Table_2015Q1WebTraffic.png

Growth in web traffic excluding Google AdWords increased moderately in the first quarter. Last year, we saw a drop in total web traffic because we removed ads on searches that we determined were not driving high quality traffic to our site (i.e. searches with very high bounce rates and very low pages per visit).

GiveWell’s website receives elevated web traffic during “giving season” around December of each year. To adjust for this and emphasize the trend, the chart below shows the rolling sum of unique visitors over the previous twelve months, starting in December 2009 (the first period for which we have 12 months of reliable data due to an issue tracking visits in 2008).

Chart_2015Q1WebTraffic.png

We use web analytics data from two sources: Clicky and Google Analytics (except for those months for which we only have reliable data from one source). The data on visitors to our website differs between the two sources. We do not know the cause of discrepancy (though a volunteer with a relevant technical background looked at the data for us to try to find the cause; he didn’t find any obvious problems with the data). (Note on how we count unique visitors.)

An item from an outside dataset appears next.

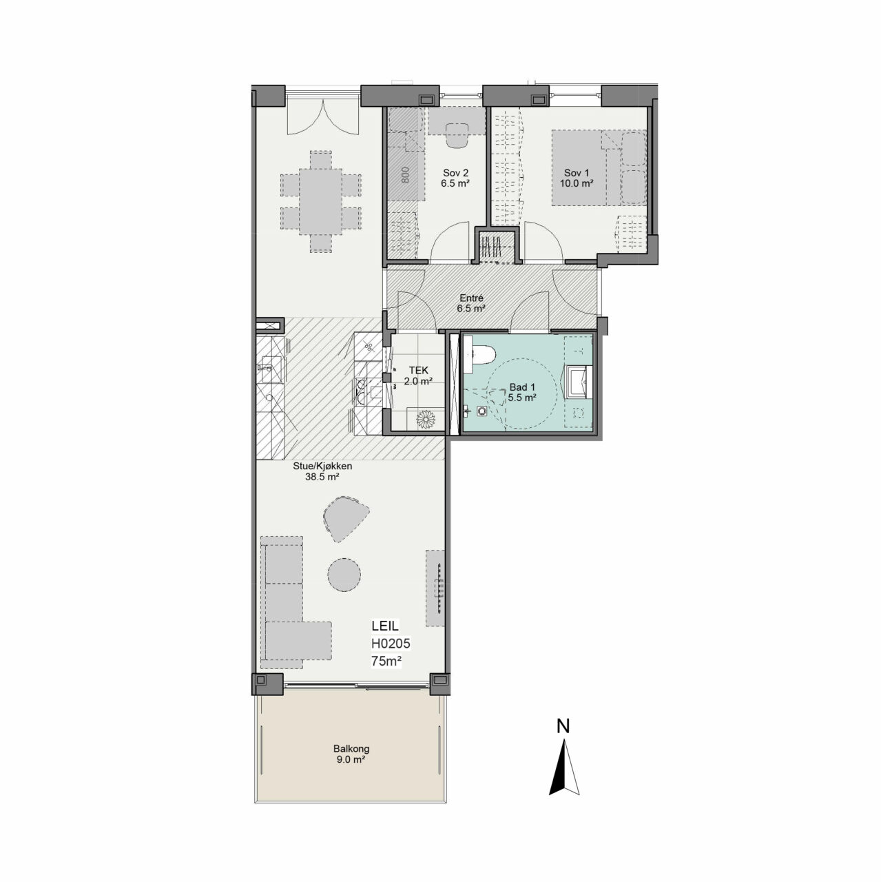 Bad leveres som typegodkjente prefabrikkerte baderomsmoduler. Se romskjema for detaljer om innredning, utstyr og overflater. Standard er grå fliser i størrelse 60 x 60 cm. I nedsenket dusjsone leveres mosaikkfliser (5×5 cm) for fall. Det er videre 2 kostnadsfrie fargevalg: lys beige og beige.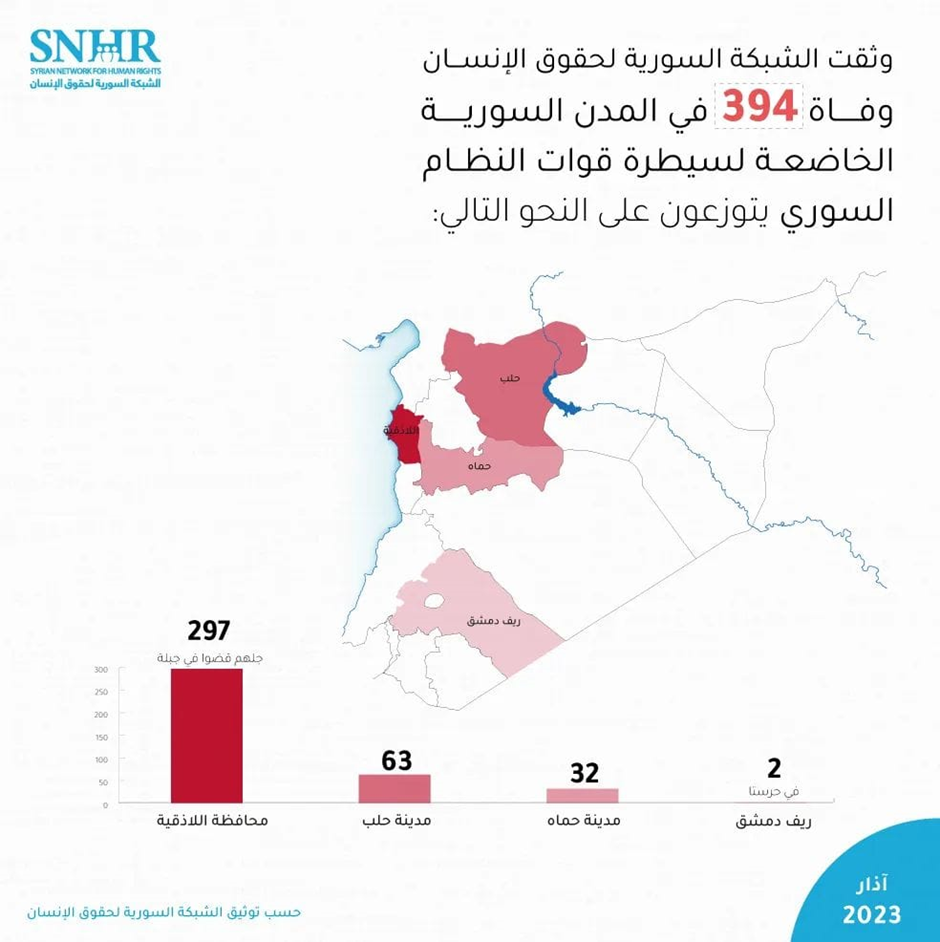 سجل التقرير وفاة394 شخصاً في المدن السورية الخاضعة لسيطرة قوات النظام السوري، حيث تم تسجيل وفاة 297ضحية في محافظة اللاذقية جلهم قضوا في جبلة، و63 ضحية في مدينة حلب، و32 ضحية في حماه، وضحيتين في حرستا بريف دمشق.

The raw data we used to generate the chart and table above (as well as notes on the issues we’ve had and adjustments we’ve made) is in this spreadsheet.



Note 1: Since our 2012 annual metrics report we have shifted to a reporting year that starts on February 1, rather than January 1, in order to better capture year-on-year growth in the peak giving months of December and January. Therefore, metrics for the “first quarter” reported here are for February through April.

Note 2: In total, GiveWell donors directed $1.76 million to our top charities in the first quarter of this year, compared with $1.45 million that we had tracked in the first quarter of 2014. For the reason described above, we don’t find this number to be particularly meaningful at this time of year.

Note 3: We count unique visitors over a period as the sum of monthly unique visitors. In other words, if the same person visits the site multiple times in a calendar month, they are counted once. If they visit in multiple months, they are counted once per month. Google Analytics provides ‘unique visitors by traffic source’ while Clicky provides only ‘visitors by traffic source.’ For that reason, we primarily use Google Analytics data in the calculations to exclude AdWords visitors.